Homepage | Paper | Leaderboards | Documentation | BAAI link | Datasets | Join our Slack | 中文

CogDL is a graph representation learning toolkit that allows researchers and developers to easily train and compare baseline or customized models for node classification, graph classification, and other important tasks in the graph domain.

We summarize the contributions of CogDL as follows:

  • High Efficiency: CogDL utilizes well-optimized operators to speed up training and save GPU memory of GNN models.
  • Easy-to-Use: CogDL provides easy-to-use APIs for running experiments with the given models and datasets using hyper-parameter search.
  • Extensibility: The design of CogDL makes it easy to apply GNN models to new scenarios based on our framework.
  • Reproducibility: CogDL provides reproducible leaderboards for state-of-the-art models on most of important tasks in the graph domain.

❗ News

  • CogDL supports GNN models with Mixture of Experts (MoE). You can install FastMoE and try MoE GCN in CogDL now!

  • The new v0.3.0 release provides a fast spmm operator to speed up GNN training. We also release the first version of CogDL paper in arXiv. You can join our slack for discussion. 🎉🎉🎉

  • The new v0.2.0 release includes easy-to-use experiment and pipeline APIs for all experiments and applications. The experiment API supports automl features of searching hyper-parameters. This release also provides OAGBert API for model inference (OAGBert is trained on large-scale academic corpus by our lab). Some features and models are added by the open source community (thanks to all the contributors 🎉).
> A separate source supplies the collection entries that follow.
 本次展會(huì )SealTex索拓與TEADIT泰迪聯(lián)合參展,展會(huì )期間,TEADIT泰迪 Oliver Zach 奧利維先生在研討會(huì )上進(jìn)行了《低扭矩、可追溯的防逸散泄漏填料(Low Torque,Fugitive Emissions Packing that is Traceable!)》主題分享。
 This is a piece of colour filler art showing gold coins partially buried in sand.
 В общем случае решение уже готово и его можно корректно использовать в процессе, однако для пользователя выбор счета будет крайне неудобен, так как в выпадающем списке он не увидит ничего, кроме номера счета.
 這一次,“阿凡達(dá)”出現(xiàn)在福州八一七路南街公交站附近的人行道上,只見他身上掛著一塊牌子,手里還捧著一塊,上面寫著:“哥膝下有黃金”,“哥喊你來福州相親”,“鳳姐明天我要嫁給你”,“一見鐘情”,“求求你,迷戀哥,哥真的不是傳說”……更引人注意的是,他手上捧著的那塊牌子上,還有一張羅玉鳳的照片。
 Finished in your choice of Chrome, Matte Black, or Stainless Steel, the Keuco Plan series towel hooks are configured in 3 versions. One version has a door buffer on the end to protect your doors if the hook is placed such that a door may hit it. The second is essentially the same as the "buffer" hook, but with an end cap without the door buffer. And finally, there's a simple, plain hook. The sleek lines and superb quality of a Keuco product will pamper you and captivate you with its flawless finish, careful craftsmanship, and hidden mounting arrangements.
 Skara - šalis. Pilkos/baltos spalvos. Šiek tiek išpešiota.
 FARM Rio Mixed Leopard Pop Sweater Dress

  • The new v0.1.2 release includes a pre-training task, many examples, OGB datasets, some knowledge graph embedding methods, and some graph neural network models. The coverage of CogDL is increased to 80%. Some new APIs, such as Trainer and Sampler, are developed and being tested.

  • The new v0.1.1 release includes the knowledge link prediction task, many state-of-the-art models, and optuna support. We also have a Chinese WeChat post about the CogDL release.

Getting Started

Requirements and Installation

  • Python version >= 3.6
  • PyTorch version >= 1.6.0

Please follow the instructions here to install PyTorch (https://github.com/pytorch/pytorch#installation).
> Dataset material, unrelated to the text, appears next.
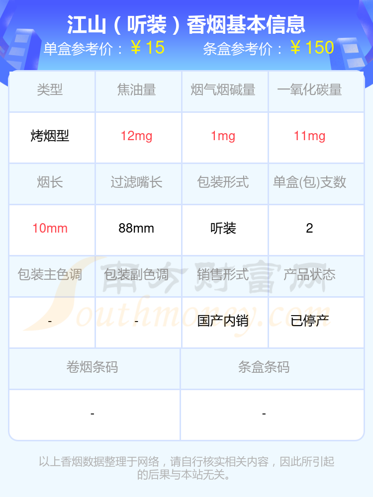 以上香煙價(jià)格相關(guān)數(shù)據(jù)僅供參考,溫馨提示,吸煙有害健康。

When PyTorch has been installed, cogdl can be installed using pip as follows:

pip install cogdl

Install from source via:

pip install git+https://github.com/thudm/cogdl.git

Or clone the repository and install with the following commands:

git clone git@github.com:THUDM/cogdl.git
cd cogdl
pip install -e .

Usage

API Usage

You can run all kinds of experiments through CogDL APIs, especially experiment. You can also use your own datasets and models for experiments. A quickstart example can be found in the quick_start.py. More examples are provided in the examples/.

from cogdl import experiment

# basic usage
experiment(task="node_classification", dataset="cora", model="gcn")

# set other hyper-parameters
experiment(task="node_classification", dataset="cora", model="gcn", hidden_size=32, max_epoch=200)

# run over multiple models on different seeds
experiment(task="node_classification", dataset="cora", model=["gcn", "gat"], seed=[1, 2])

# automl usage
def func_search(trial):
    return {
        "lr": trial.suggest_categorical("lr", [1e-3, 5e-3, 1e-2]),
        "hidden_size": trial.suggest_categorical("hidden_size", [32, 64, 128]),
        "dropout": trial.suggest_uniform("dropout", 0.5, 0.8),
    }

experiment(task="node_classification", dataset="cora", model="gcn", seed=[1, 2], func_search=func_search)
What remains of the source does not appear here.